The deadline for the awards was only a couple of days away, and we’d decided to stop doing competitions and focus on angels. I told him that we’d look at the competition next year, but he insisted it was worth a shot.

We’d had a few potential investors make an issue of my pregnancy and it was beyond the point where baggy clothes would help

Against all reason, I cleared an afternoon from my diary to do the application, tweak our deck to fit the requirements and edit down our crowdfunding video to meet the application criteria.

We forgot about it until weeks later when Joycelyn and I were invited to the semi-finals – then the final.

We had a great pitch deck because we’d worked on it for so long. We had a good video because we’d crowdfunded (or tried to). We had our pitch perfect because we had done it so many times. We had our documents ready for the due diligence process because we were going through it with angels. 

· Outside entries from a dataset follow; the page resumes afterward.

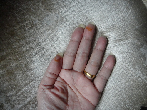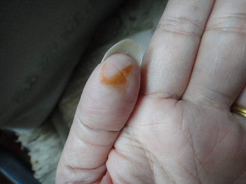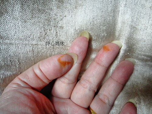 黃斑椿象終齡若蟲的 臭液痕跡, 二天都洗不乾淨~
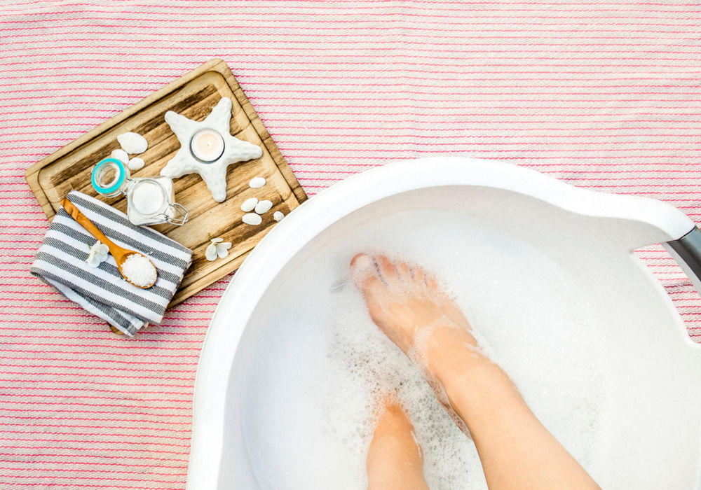 Сначала кожу необходимо очистить и распарить — так она станет податливой. Для этого наберите в ванночку или в таз горячей воды, чтобы ступни были полностью покрыты. Старайтесь использовать воду максимально высокой температуры, но не обжигающую — она должна быть приятной для ног.
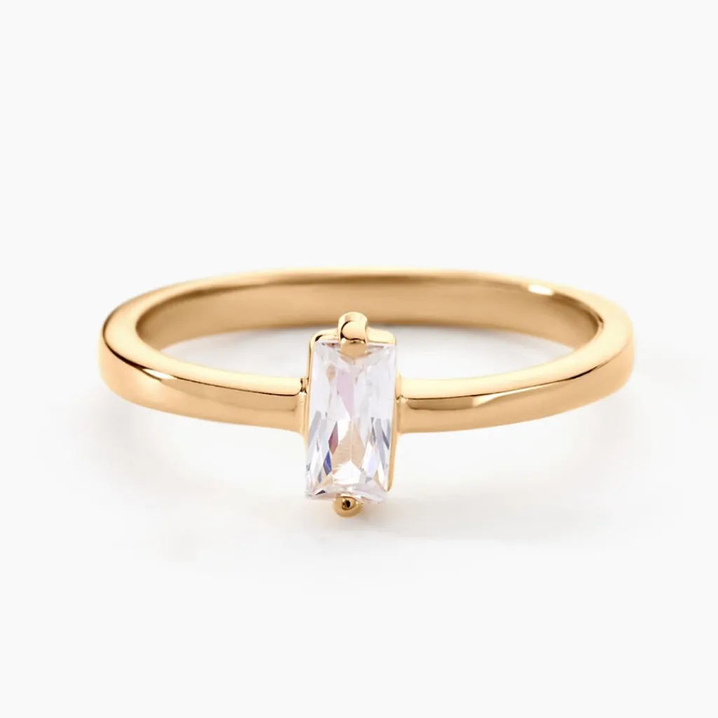 Solitaire Plaqué Or Jaune Oxyde De Zirconium Taille Baguette

The final was on my due date and we weren’t sure if my bump would get in the way of the judges hearing our pitch. We’d had a few potential investors make an issue of my pregnancy and it was beyond the point where baggy clothes would help. After reading the WeWork values, I was sure they wouldn’t discriminate.

That Thursday, Joycelyn and I prayed backstage as the event opening music played. I took to the stage with Joycelyn, ready to jump win if my waters broke.

After being grilled by the judges, we were beyond shocked to win $360,000!

Nov 2018 – April 2019: The close

After that, the angels who were on the fence either became a yes, or we told them it was a no. We were able to raise £60k from a small selection of black angel investors. 

In this crazy period, WeWork flew Joycelyn to New York and she competed against winners from around the world and secured our place at the LA Global Finals, where we won a further $180k (£144k) convertible prize from celebrity judges Ashton Kutcher, Gary Vee, Kristen Green and Sean ‘Diddy’ Coombes. 

We were also selected for the inaugural Backstage Capital accelerator from over 1800 applicants.

It took months to close the round and the full funds didn’t arrive until April. That’s about six months from signing the first term sheet to receiving the cash. If it wasn’t for the angel investors swiftly buying shares, that could have been a disaster. 

Where are we now? We’re working on raising £3-5 million in late 2020. As fundraising can take such a long time, we’re already having conversations with several of our top choice investors.

On reflection

Venture Capital isn’t for everyone. Even angel investment isn’t necessarily the best route. Set out your vision and roadmap before you start speaking to investors. 

If your aims are global, you’ll likely need investment. If you can achieve your mission by reinvesting profits, then that’s the best route to take. Fundraising is draining and time-consuming – only do it if you have to.

Last, the invaluable advice we received along the way was only available to us because they knew we were growing the company and raising investment. Everyone knew we were raising. 

We’ve had some criticism over this approach, but in a system that works against us, underrepresented founders need to make themselves seen. 

When you do the work to be visible, things start to happen.